Judge denies Donald Trump’s recusal bid
New York: Donald Trump has lost his latest bid for a new judge in his New York hush money criminal case as it heads toward a key ruling and potential sentencing next month.
In a decision posted Wednesday, Judge Juan M Merchan declined to step aside and said Trump’s demand was a rehash “rife with inaccuracies and unsubstantiated claims” about the political ties of Merchan’s daughter and his ability to judge the historic case fairly and impartially.
It is the third that the judge has rejected such a request from lawyers for the former president and current Republican nominee.
All three times, they argued that Merchan, a state court judge in Manhattan, has a conflict of interest because of his daughter’s work as a political consultant for prominent Democrats
and campaigns. Among them was Vice President Kamala Harris when she sought the 2020 nomination for president. She is now her party’s 2024 White House nominee.
A state court ethics panel said last year that Merchan could continue on the case, writing that a
relative’s independent political activities are not “a reasonable basis to question the judge’s impartiality”.
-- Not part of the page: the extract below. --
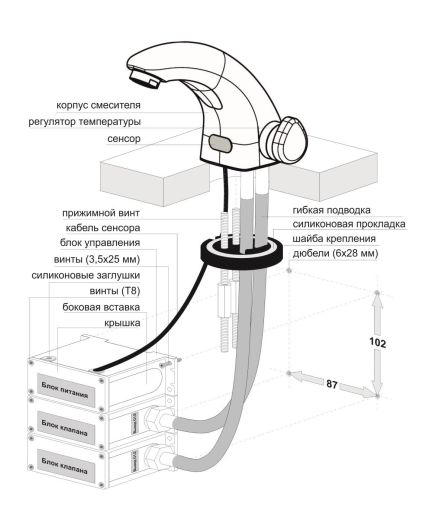 - При срабатывании сенсора горячая и холодная вода поступают через электро-магнитные клапаны и гибкую подводку на смешиватель (находится внутри корпуса смесителя).

Merchan has repeatedly said he is certain he will continue to base his rulings “on the evidence and the law, without fear or favour, casting aside undue influence”.
“With these fundamental principles in mind, this Court now reiterates for the third time, that which should already be clear — innuendo and mischaracterisations do not a conflict create,” Merchan wrote in his three-page ruling. “Recusal is therefore not necessary, much less required.”
But with Harris now Trump’s Democratic opponent in this year’s White House election, Trump lawyer Todd Blanche wrote in a letter to the judge last month that the defence’s concerns have become “even more concrete”.
Prosecutors called the claims “a vexatious and frivolous attempt to relitigate” the issue.